This document intends to clarify the main aspects behind the development of the Cyni Toolbox App. It provides an extensive description of all elements in the Cyni API so that future app developers understand better the requirements and the possibilities of the framework that this new app provides.
1. Cyni Components
Cyni is composed of two main components: Algorithms and Metrics. They are completely independent and they are also managed independently. An algorithm could do its job without using a metric and the same thing for a metric. However, if an algorithm wants to use a metric, it needs to pass data to the metric in a way that the metric understands that data and can calculate the result. Because of this need, a third component called CyniTable has been created. This CyniTable is a kind of intermediate table with less functionality that a Cytoscape table but with other advantages such as fast access to the data. Algorithms willing to use a metric will have to ask the selected metric to provide the CyniTable to be used with that metric. Next subsections try to define more deeply these three components.

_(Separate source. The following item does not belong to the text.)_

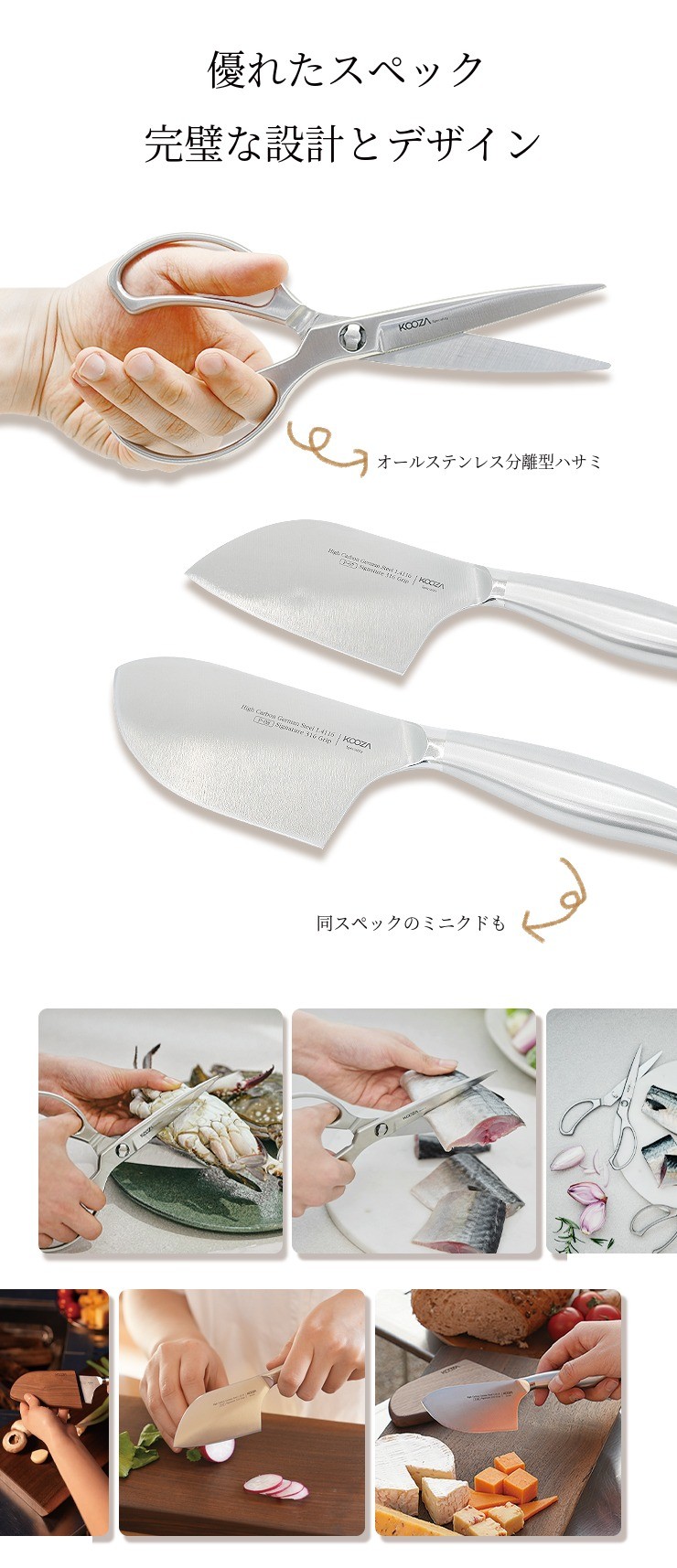 繊細な食材の下ごしらえや厚い食材も、ためらわずにスッキリとカットしてみてください。

At the beginning, Cyni was thought as a tool to only infer networks. But its development has revealed that this process implies many other techniques that are not related to network inference directly and that could also be useful. All these techniques, inference techniques and other ones, have in common that they implement an algorithm which manipulates data.
Therefore, the first component of Cyni is a component called Algorithm which requires Cytoscape data as input and then performs some tasks to produce an output such as a network or a table. These algorithms may require other input parameters and this is up to the algorithm developer to request these parameters through Cytoscape Tunables. Defining a new Algorithm will be explained more in detail in Cyni Algorithm Definition Section.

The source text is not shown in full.